# Radio won't operate



## wpacello (Feb 5, 2009)

I just had my driver's side window and door repaired but in doing so my radio does not work. There is no "code" on the display for me to enter. We checked all of the fuses and apparently they're ok. The mechanic had to disconnect the battery in order to repair the window - which wasn't operating.

The date, time and tripometers can still be set but I cannot get the radio to turn on.

I was wondering if anyone had any ideas or a method to remove the radio. Any links would be appreciated.

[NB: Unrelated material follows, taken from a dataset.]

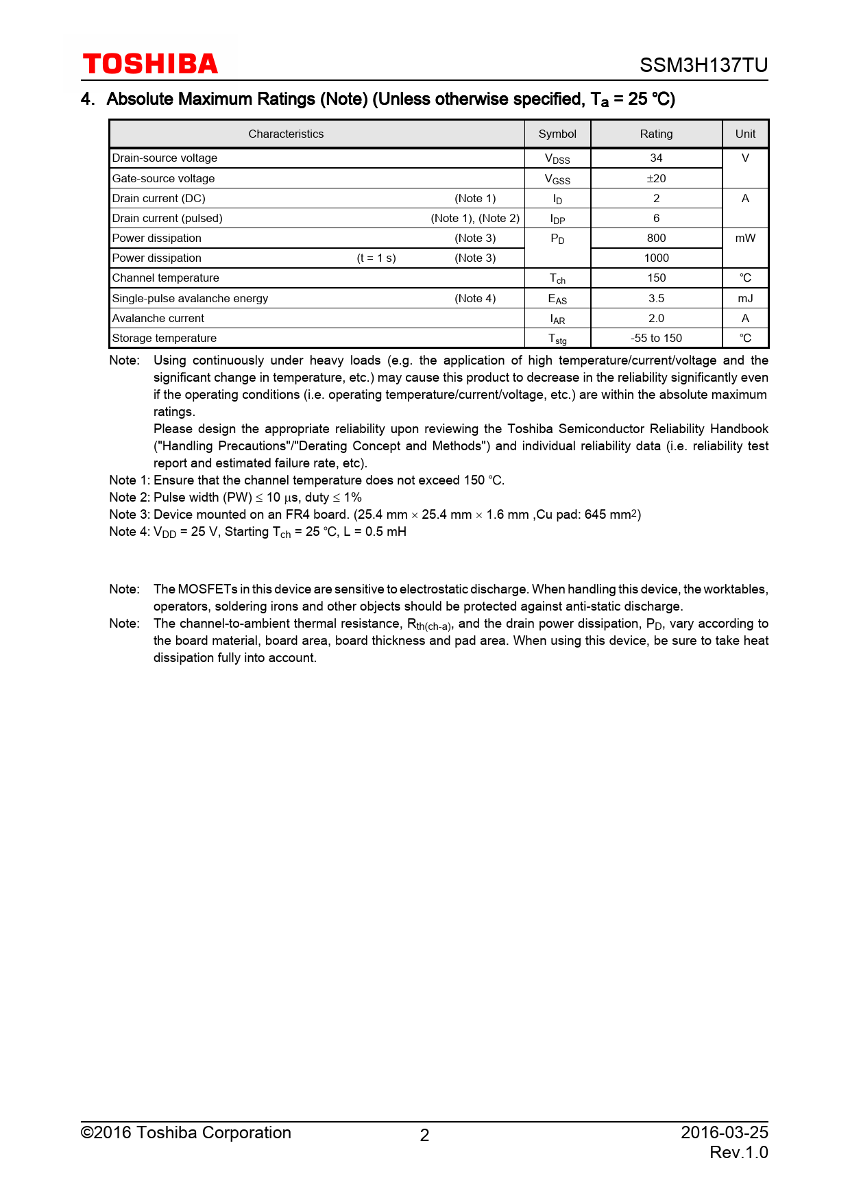 SSM3H137TU 4. Absolute Maximum Ratings (Note) (Unless otherwise specified, Ta = 25 ) Characteristics Symbol Rating Unit Drain-source voltage VDSS 34 V Gate-source voltage VGSS ±20 Drain current (DC) (Note 1) ID 2 A Drain current (pulsed) (Note 1), (Note 2) IDP 6 Power dissipation (Note 3) PD 800 mW Power dissipation (t = 1 s) (Note 3) 1000 Channel temperature Tch 150 Single-pulse avalanche energy (Note 4) EAS 3.5 mJ Avalanche current IAR 2.0 A Storage temperature Tstg -55 to 150 Note: Using continuously under heavy loads (e.g. the application of high temperature/current/voltage and the significant change in temperature, etc.) may cause this product to decrease in the reliability significantly even if the operating conditions (i.e. operating temperature/current/voltage, etc.) are within the absolute maximum ratings. Please design the appropriate reliability upon reviewing the Toshiba Semiconductor Reliability Handbook ("Handling Precautions"/"Derating Concept and Methods") and individual reliability data (i.e. reliability test report and estimated failure rate, etc). Note 1: Ensure that the channel temperature does not exceed 150 . Note 2: Pulse width (PW) ≤ 10 µs, duty ≤ 1% Note 3: Device mounted on an FR4 board. (25.4 mm × 25.4 mm × 1.6 mm ,Cu pad: 645 mm2) Note 4: VDD = 25 V, Starting Tch = 25 , L = 0.5 mH Note: The MOSFETs in this device are sensitive to electrostatic discharge. When handling this device, the worktables, operators, soldering irons and other objects should be protected against anti-static discharge. Note: The channel-to-ambient thermal resistance, Rth(ch-a), and the drain power dissipation, PD, vary according to the board material, board area, board thickness and pad area. When using this device, be sure to take heat dissipation fully into account. ©2016 Toshiba Corporation 2 2016-03-25 Rev.1.0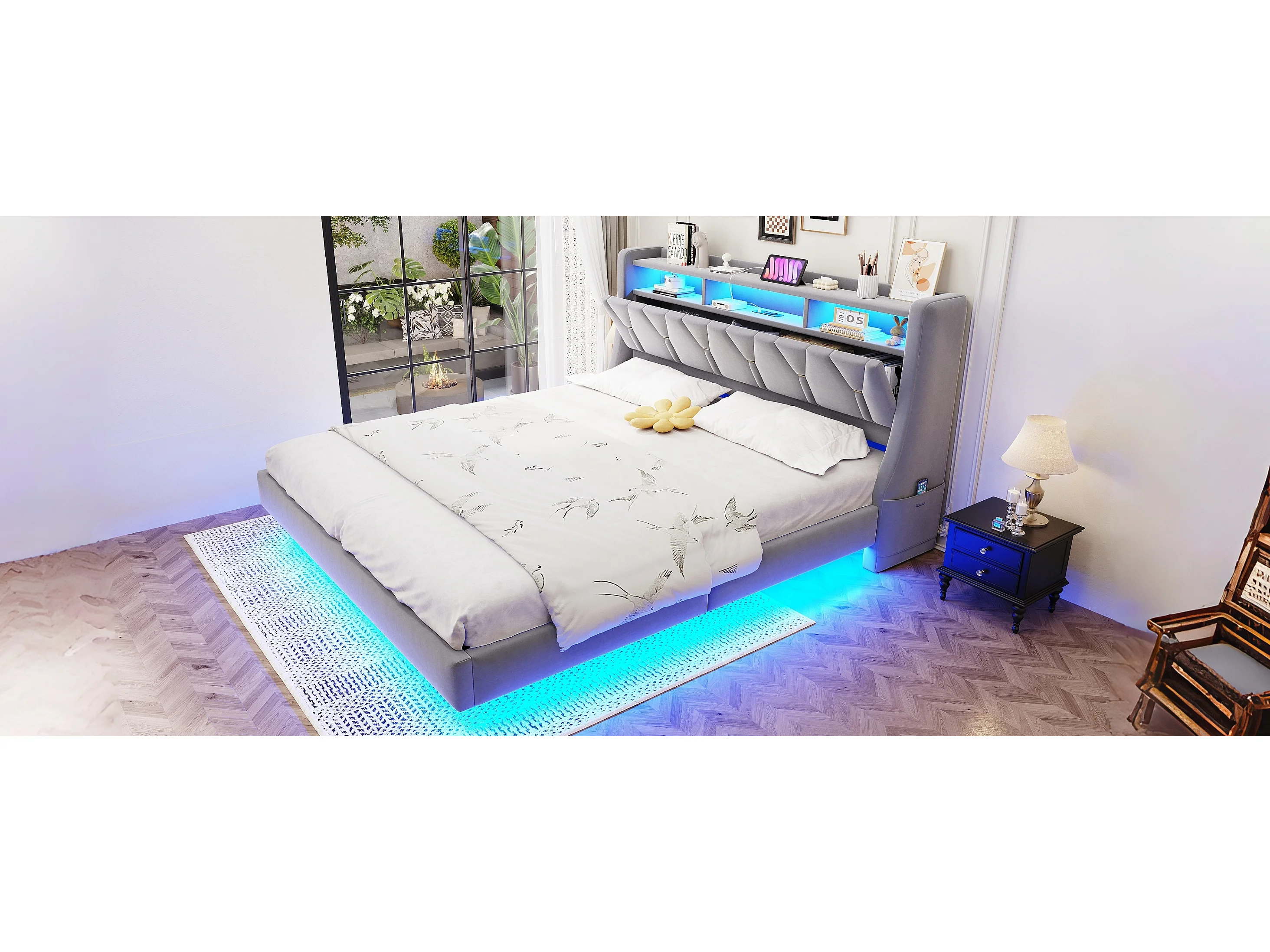Gestoffeerd tweepersoonsbed - 180 x 200 cm - neerklapbaar gestoffeerd hoofdeinde met opbergruimte + LED-verlichting - MDF - lichtgrijs

1998 740i - One of the dealers told me he couldn't get the code from the VIN but needed the serial number on the back of the radio.

Thanks.


----------



## Payback (Jan 11, 2009)

If you have the tape player above the radio...... there are two tabs, one on each side of the tape player. Simply pop them open and use an allen key to unloosen / unlock the tape player. Once this is done you will be able to pull it out. Im not sure if the serial number is on the tape player or the radio. To remove the radio, simply press the silver tab located on the top center behind the plastic molding.

Good Luck


----------



## wpacello (Feb 5, 2009)

Thanks for the info, I am told from 2 dealers that my model and year does not require a code. Looks like a different problem.


----------



## sacha (Nov 10, 2008)

This may or may not be the cause, but on my radio, there's an additional fuse on the back on the head unit itself. You may want to check this one.


----------